Although the records contain pictures, none belong in the copy: restate word for word only the lines from the one with "몇개만 살펴 보는 것" through the one with "Sketchup model includesModern", both included.

→ **Input for this task**:
Content starts
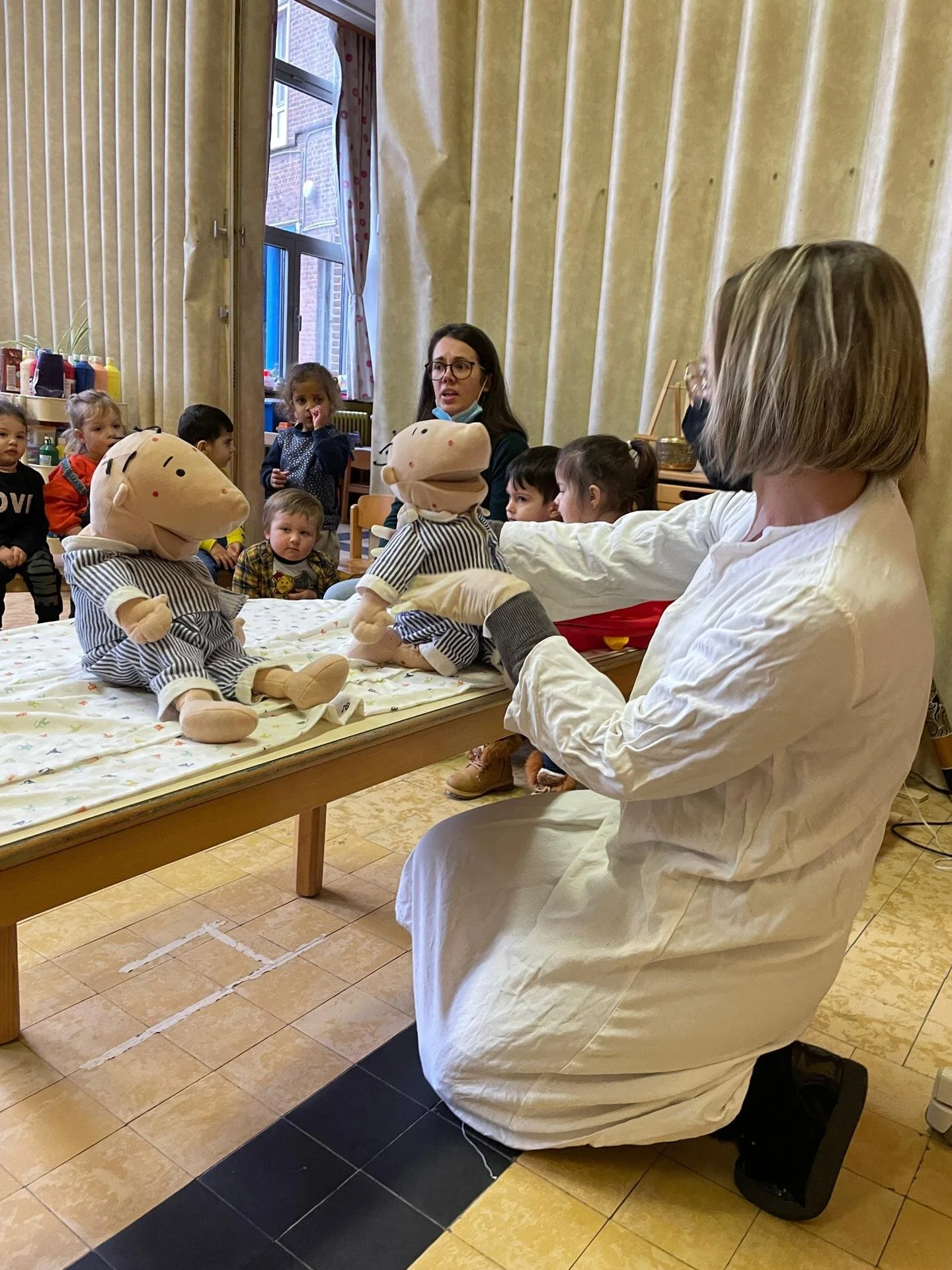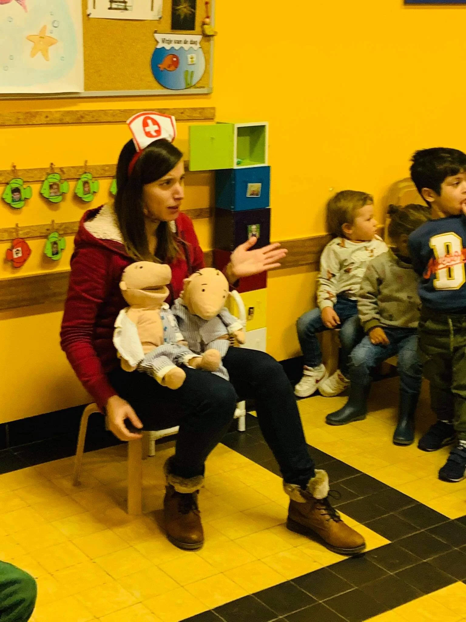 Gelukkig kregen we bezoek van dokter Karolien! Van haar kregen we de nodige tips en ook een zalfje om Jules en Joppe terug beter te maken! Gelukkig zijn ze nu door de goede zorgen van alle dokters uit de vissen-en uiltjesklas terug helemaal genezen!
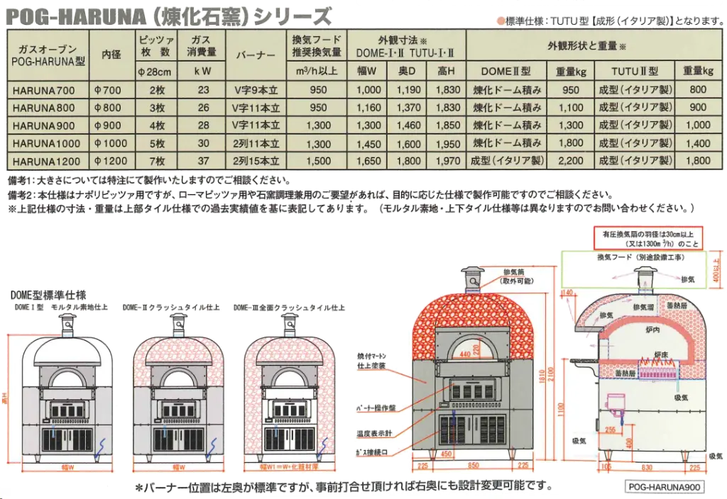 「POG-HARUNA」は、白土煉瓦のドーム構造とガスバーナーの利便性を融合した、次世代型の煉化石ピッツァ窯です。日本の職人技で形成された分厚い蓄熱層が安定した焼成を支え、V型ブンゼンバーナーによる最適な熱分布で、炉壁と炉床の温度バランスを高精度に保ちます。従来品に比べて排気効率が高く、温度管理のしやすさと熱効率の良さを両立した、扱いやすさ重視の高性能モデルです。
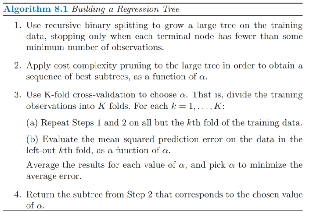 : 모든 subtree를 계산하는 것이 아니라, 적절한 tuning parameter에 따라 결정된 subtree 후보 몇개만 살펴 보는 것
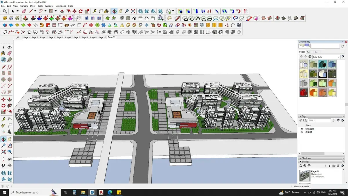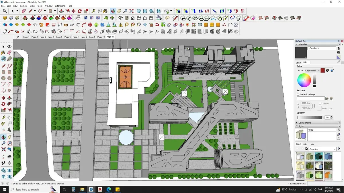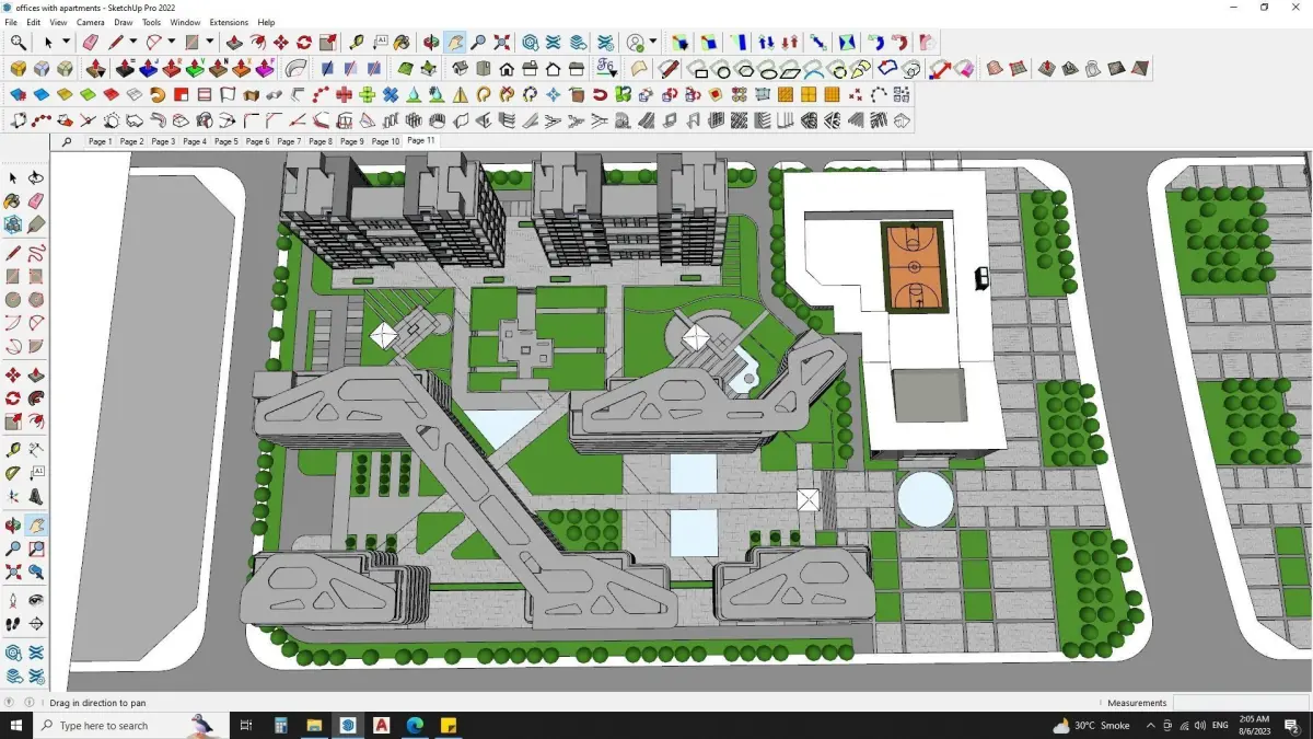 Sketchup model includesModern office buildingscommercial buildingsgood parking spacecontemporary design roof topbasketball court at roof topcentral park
Content ends
Content starts
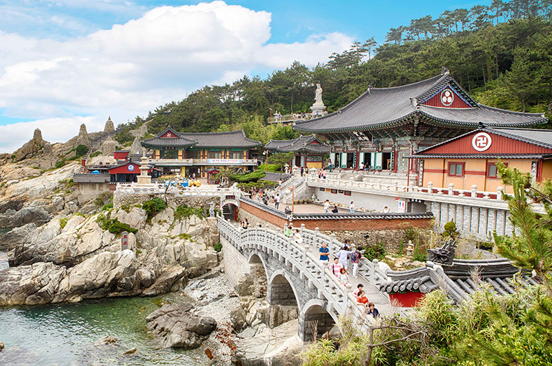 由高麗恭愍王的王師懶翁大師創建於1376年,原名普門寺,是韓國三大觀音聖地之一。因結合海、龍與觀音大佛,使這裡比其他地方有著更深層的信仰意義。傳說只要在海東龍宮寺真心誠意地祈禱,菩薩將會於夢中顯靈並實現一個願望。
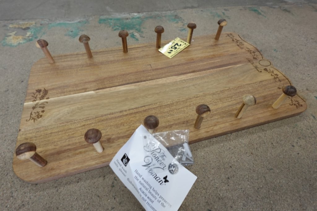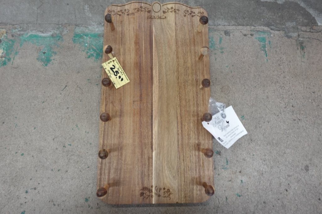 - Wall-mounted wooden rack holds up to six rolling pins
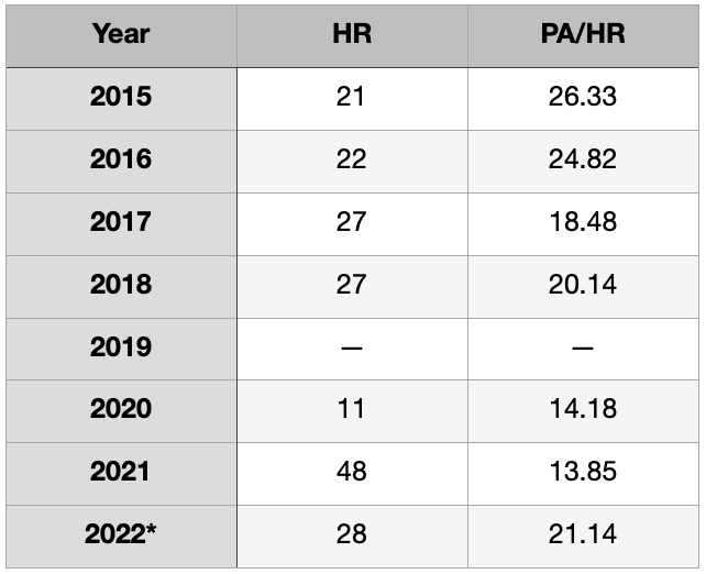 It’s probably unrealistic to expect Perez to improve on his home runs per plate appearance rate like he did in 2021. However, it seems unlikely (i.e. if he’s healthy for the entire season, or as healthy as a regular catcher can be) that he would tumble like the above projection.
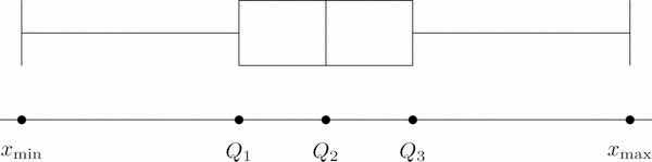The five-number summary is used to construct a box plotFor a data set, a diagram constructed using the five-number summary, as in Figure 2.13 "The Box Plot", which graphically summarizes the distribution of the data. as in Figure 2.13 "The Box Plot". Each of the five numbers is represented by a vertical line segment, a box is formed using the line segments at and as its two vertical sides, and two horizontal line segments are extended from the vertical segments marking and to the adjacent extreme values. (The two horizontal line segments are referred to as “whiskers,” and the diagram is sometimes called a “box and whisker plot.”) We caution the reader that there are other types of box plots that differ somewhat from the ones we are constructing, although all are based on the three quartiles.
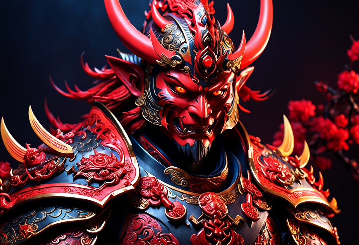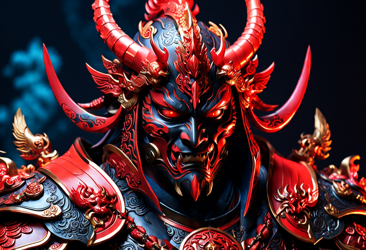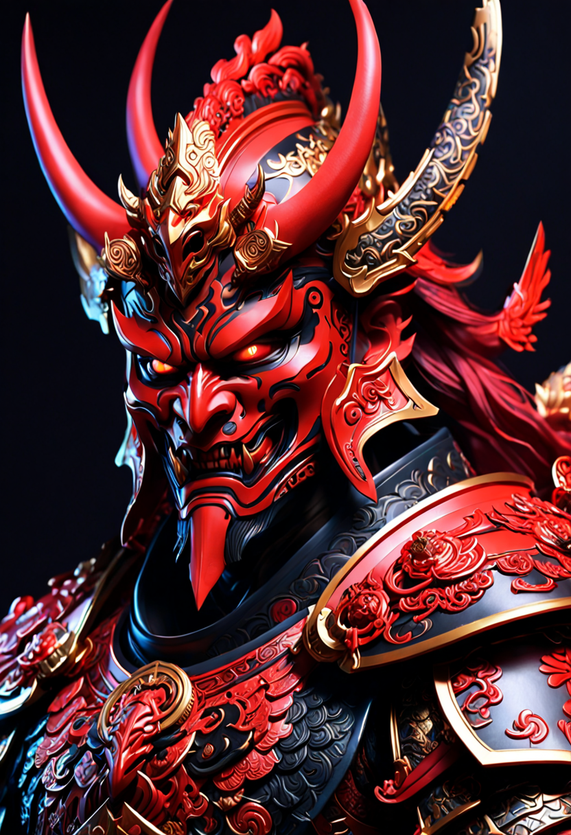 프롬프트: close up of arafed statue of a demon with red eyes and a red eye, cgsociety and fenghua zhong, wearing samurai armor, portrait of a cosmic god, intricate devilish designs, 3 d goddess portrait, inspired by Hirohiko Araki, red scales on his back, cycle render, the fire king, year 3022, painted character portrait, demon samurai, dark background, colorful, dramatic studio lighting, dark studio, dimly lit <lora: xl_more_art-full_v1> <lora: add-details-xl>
Content ends
→ **Output of the exercise**:
 : 모든 subtree를 계산하는 것이 아니라, 적절한 tuning parameter에 따라 결정된 subtree 후보 몇개만 살펴 보는 것
 Sketchup model includesModern office buildingscommercial buildingsgood parking spacecontemporary design roof topbasketball court at roof topcentral park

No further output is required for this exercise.